= Tayside Junior Football League =

Scottish football league

The Tayside Junior Football League, originally called the Midlands League, was a football league competition operated in Tayside under the Scottish Junior Football Association which operated as the top league in the territory from 1969 until a merger in 2002; it existed for a further four years as a second-tier league before the name was discontinued in 2006.

==History==
Junior football had been played in the region since the 1890s, but it was not until a restructuring across Scotland in the late 1960s that all teams in the territory were brought together under one umbrella - previously they had been competing in the local leagues in Angus, Perthshire and Dundee, though the membership of these was not always rigidly dependent on geography, and another Midland League also existed from the 1920s to the 1940s involving clubs from all three territories. Due to predicted difficulties in arranging the new format, an extra year was requested for its completion by the local committees, and the Midland (Tayside) leagues began in 1969, a year after the rest of Scotland (the North was the only other of the six new regions which required more than minor adjustment to its structure).

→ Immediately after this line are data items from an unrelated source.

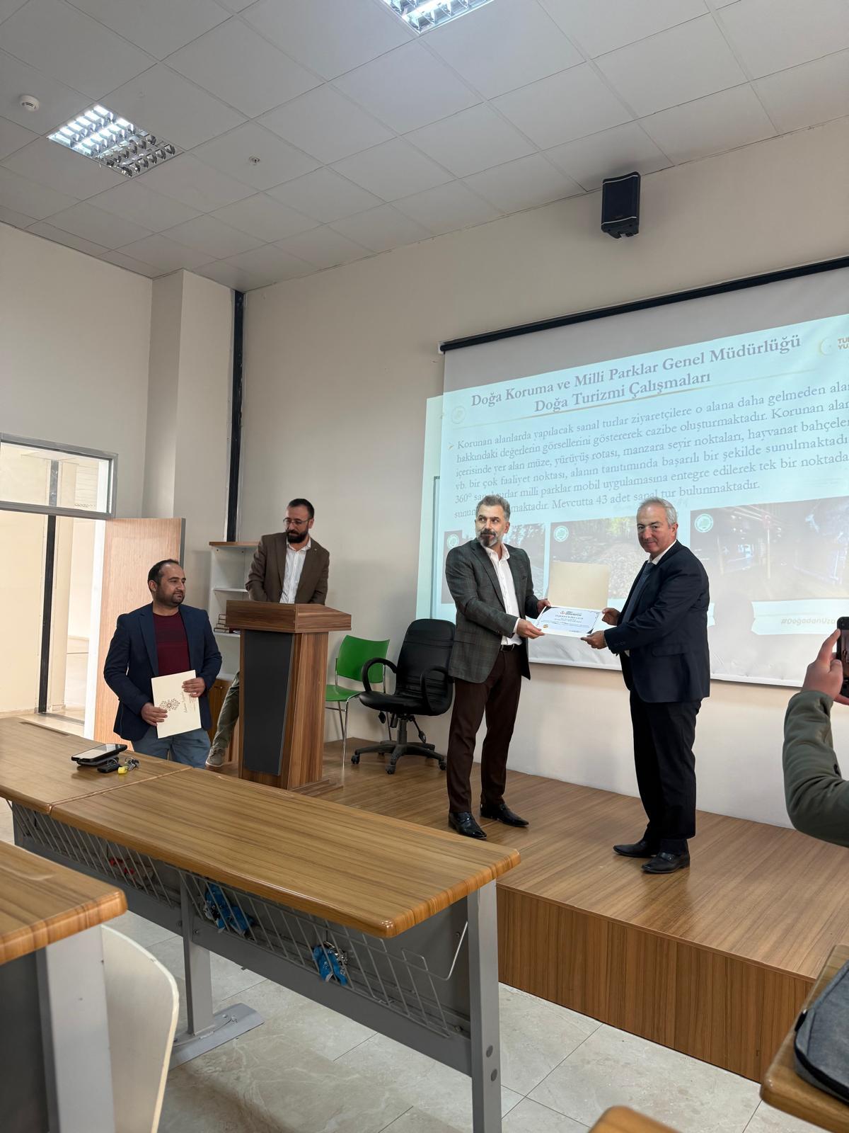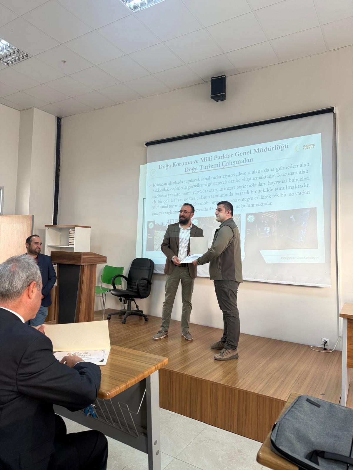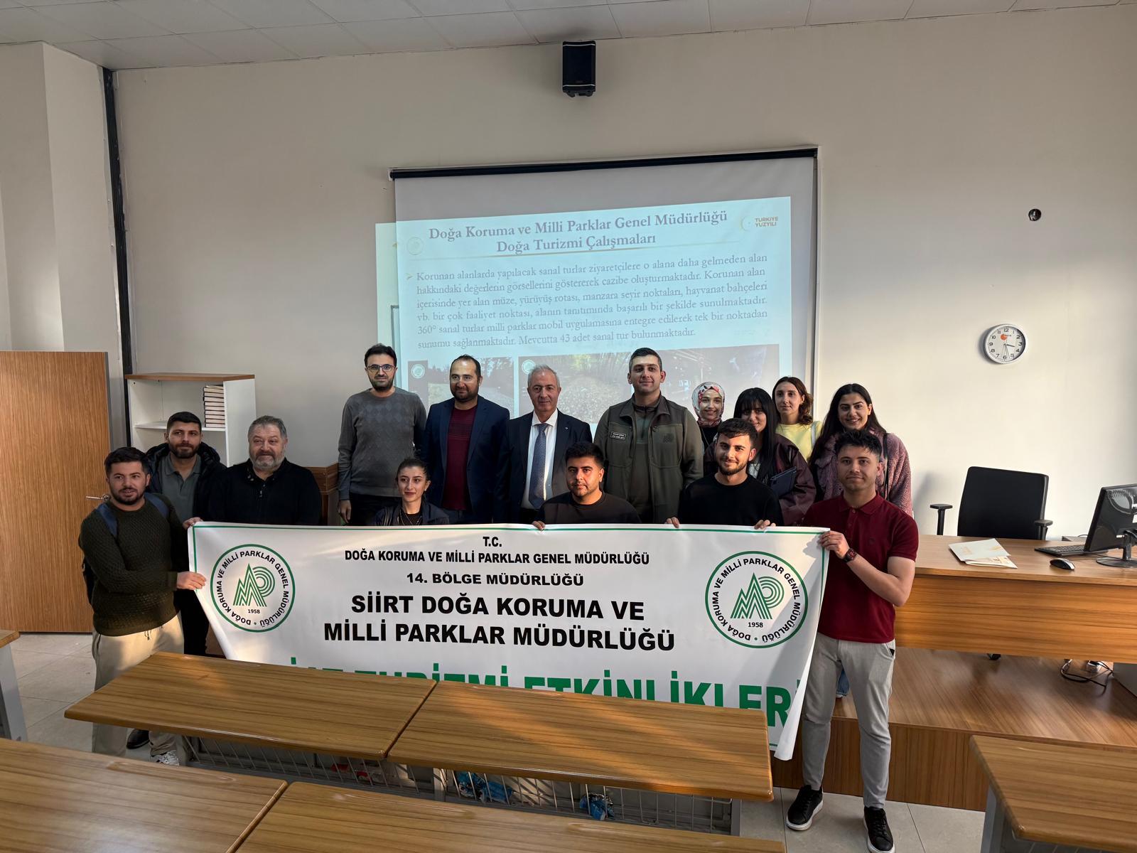 Siirt Doğa Koruma ve Milli Parklar Müdürü Sayın Nevzat AMCALAR ve Siirt Doğa Koruma ve Milli Parklar Merkez Şefi Gökhan Şeker tarafından Yüksekokulumuzda "Doğa Turizmi Eylem Planları Oluşturulması ve Sürdürülebilir Turizm Konulu" söyleşi gerçekleşmiştir. Söyleşiye katkıları için katılımcılara teşekkür belgeleri takdim edilmiştir.
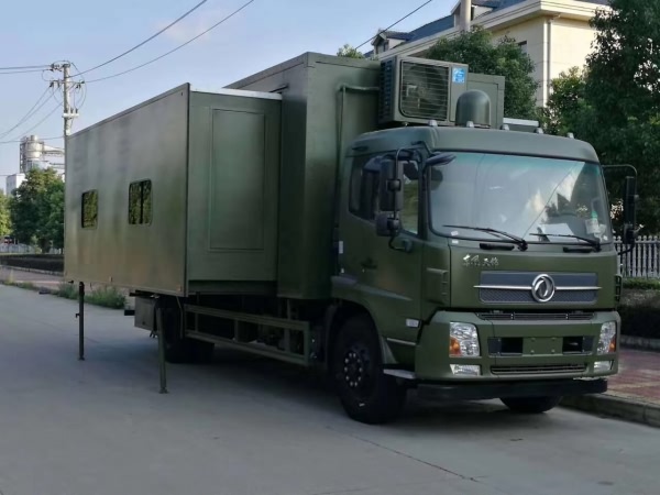 宿营方舱展开外形尺寸(L×W×H):7350mm×4653mm×2377mm4,在平整正常柏油路面车速:≥90Km/h
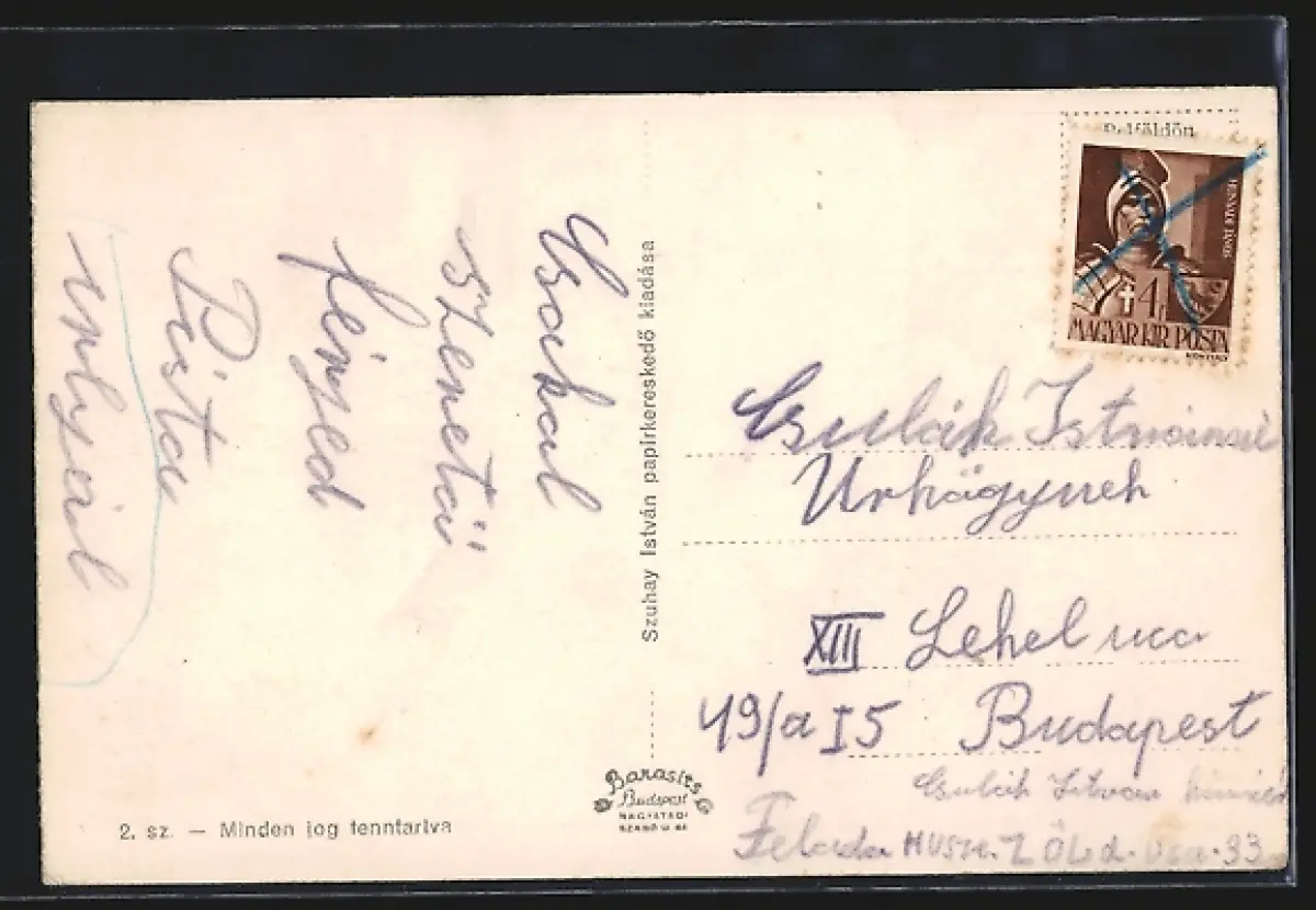 Personenbezogene Daten auf der Rückseite der Karte wurden durch blauen Textmarker unkenntlich gemacht. Die blauen Stellen sind auf die Vorderseite durchgeweicht und wirken sich negativ auf das Postkartenfoto aus
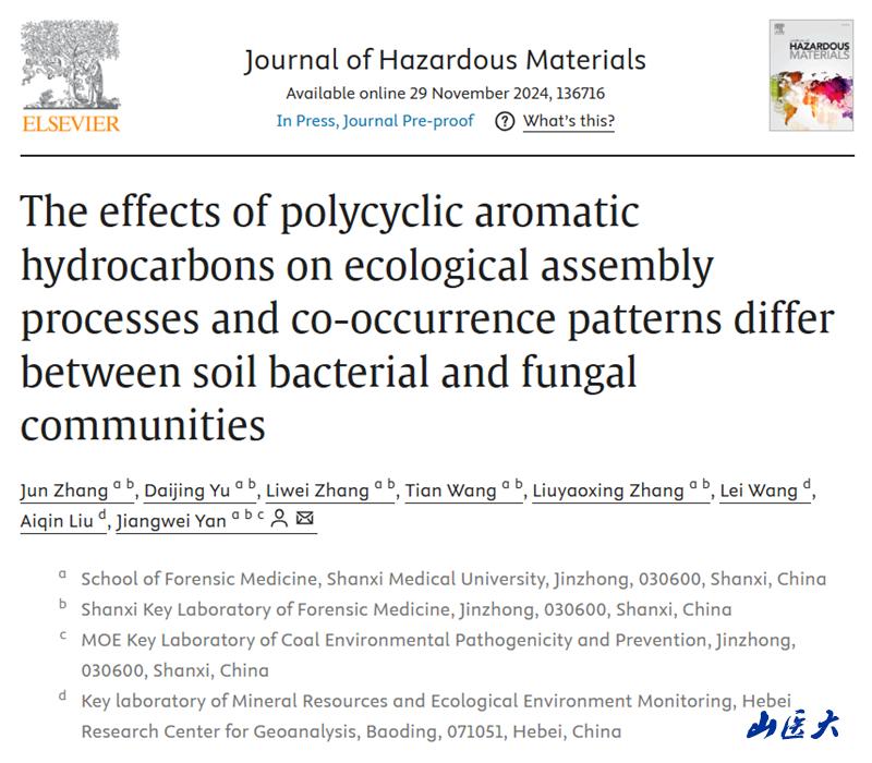 近日,我校嚴江偉教授創新團隊在環境科學權威期刊《Journal of Hazardous Materials》(中國科學院一區,IF=12.2)上發表題為“The effects of polycyclic aromatic hydrocarbons on ecological assembly processes and co-occurrence patterns differ between soil bacterial and fungal communities”的研究論文,成果揭示了多環芳烴污染下土壤微生物群落構建和維持機制,并基于微生物標記物構建了土壤多環芳烴污染?:Τ潭鵲鈉攔撈逑?,表明了微生物作為環境法醫學指示物種在診斷土壤污染?:Τ潭確矯婢哂芯藪笄蹦?,該成果對于土壤污染診斷修復和生態多樣性保護方面具有指導意義。
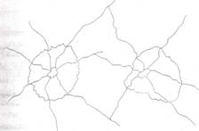 When there have been successive penetrations of glass, it is frequently possible to determine the sequence of impact by observing the existing fracture lines and their points of termination. A fracture always terminates at an existing line of fracture. In Figure 4-20, the fracture on the left preceded that on the right; we know this because the latter's radial fracture lines terminate at the cracks of the former.
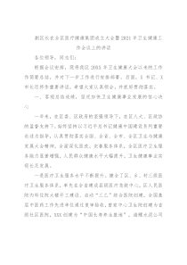 副区长在全区医疗健康集团成立大会暨2021年卫生健康工作会议上的讲话各位领导,同志们:根据会议安排,现将我区20XX年卫生健康大会以来的工作作简要总结,并对下一步工作进行安排部署。后面,X书记、X市长还将作重要讲话,希望大家认真领会,并抓好贯彻落实。一、客观总结成绩,坚定加快卫生健康事

With titles having been shared between clubs from Perthshire and Dundee (the sole Angus champions in 1974 being Kirrie Thistle), the league's balance altered dramatically in 1990 when Tayport joined the setup; their base was actually in the far north of Fife but they were permitted to join the Tayside league as they were closer to many of its teams via the Tay Road Bridge. The Port almost immediately began to dominate and did not finish outside the top two places from 1991 until 2002, when the Tayside leagues were merged with the Fife League and the East (Lothians) league to form a new Scottish Junior Football Association, East Region Superleague. Despite the challenge of facing the strongest clubs from these other two areas, Tayport continued to be among the leading teams for the first six years; Dundee side Lochee United also finished as East Region champions twice in that period. Tayside's setup was retained as a feeder division to the Superleague along with the other historic districts until 2006, when they were fully integrated into the East Region; Tayside's section (minus the Perthshire teams which were placed with the Fife sides) became the North Division below the Super League and a new Premier Division.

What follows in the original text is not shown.